Single by AFI

from the album Sing the Sorrow
- Released: September 8, 2003 (UK)
- Recorded: 2002
- Genre: Post-hardcore; emo; hardcore punk
- Length: 3:31
- Label: DreamWorks
- Songwriters: Hunter Burgan, Adam Carson, David Paden Marchand, Jade Puget
- Producer: Jerry Finn

AFI singles chronology
| "Girl's Not Grey" (2003) | "The Leaving Song Pt. II" (2003) | "Silver and Cold" (2003) |

= The Leaving Song Pt. II =

2003 single by AFI

"The Leaving Song Pt. II" is a song by American rock band AFI. It was released as the second single from their sixth studio album Sing the Sorrow on September 8, 2003. It was also released to radio on June 3, 2003.

The song peaked at number 16 on the US Alternative Songs chart and number 27 in Australia.

== Background ==
"The Leaving Song Pt. II" featured on the soundtrack of Madden 2004.

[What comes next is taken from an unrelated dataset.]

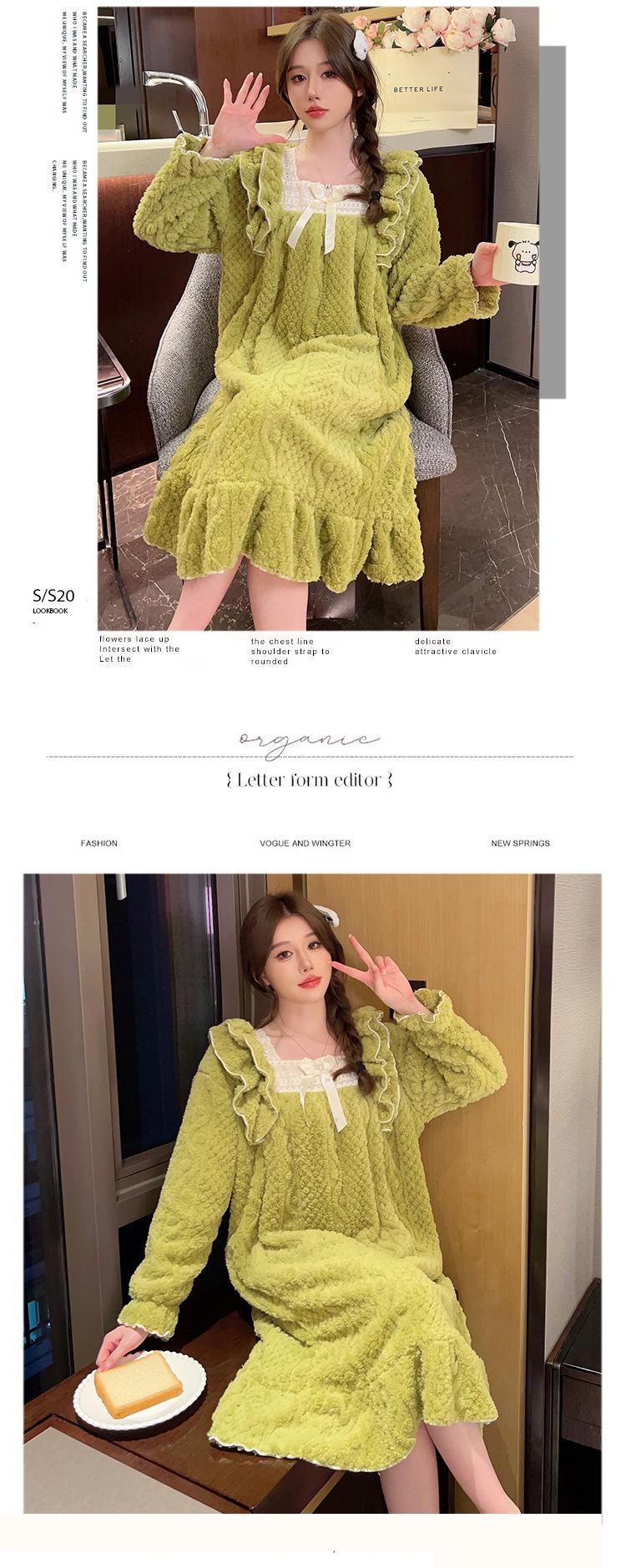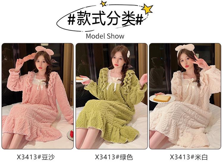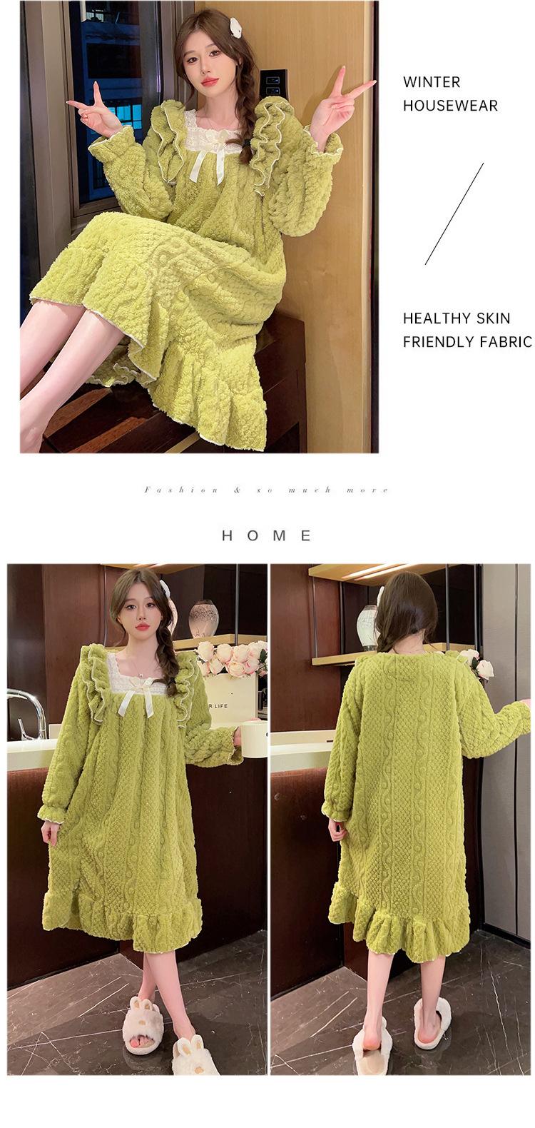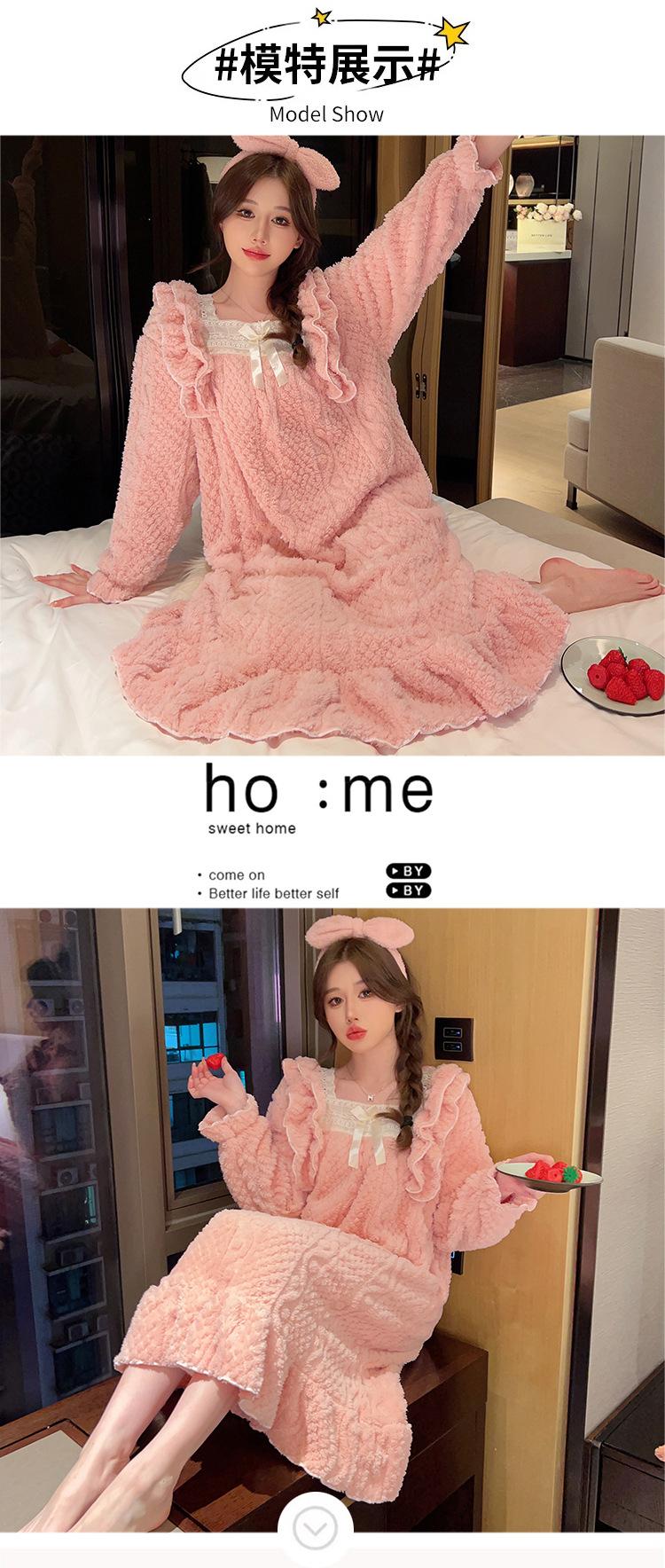 Otoño e Invierno camisón de felpa para mujer lindo dulce estilo princesa ins cuello cuadrado talla grande chica gordita ropa para el hogar

Background vocals are provided by Anna-Lynne Williams of the band Trespassers William, which was also the first time that she did session work for another artist.

==Track listing==
UK 7"
1. "The Leaving Song Pt. II" – 3:31
2. "The Great Disappointment" (demo) – 5:01

Australian tour edition CD
1. "The Leaving Song Pt. II" – 3:31
2. "This Celluloid Dream" (demo) – 4:18
3. "Synesthesia" (demo) – 4:35
4. "Girl's Not Grey" (final music video) – 3:11

Germany CD
1. "The Leaving Song Pt. II" – 3:31
2. "The Great Disappointment" (demo) – 5:01

EU Cassette
1. "The Leaving Song Pt. II" – 3:31

UK CD 1
1. "The Leaving Song Pt. II" – 3:31
2. "The Great Disappointment" (demo) – 5:01
3. "Paper Airplanes" (demo) – 4:04
4. "The Leaving Song Pt. II" (music video) – 3:32

UK CD 2
1. "The Leaving Song Pt. II" – 3:31
2. "...but home is nowhere" (demo) – 3:42
3. "The Leaving Song (demo) – 2:34

==Music video==
A music video was directed by Marc Webb and filmed at a warehouse in Los Angeles in May 2003.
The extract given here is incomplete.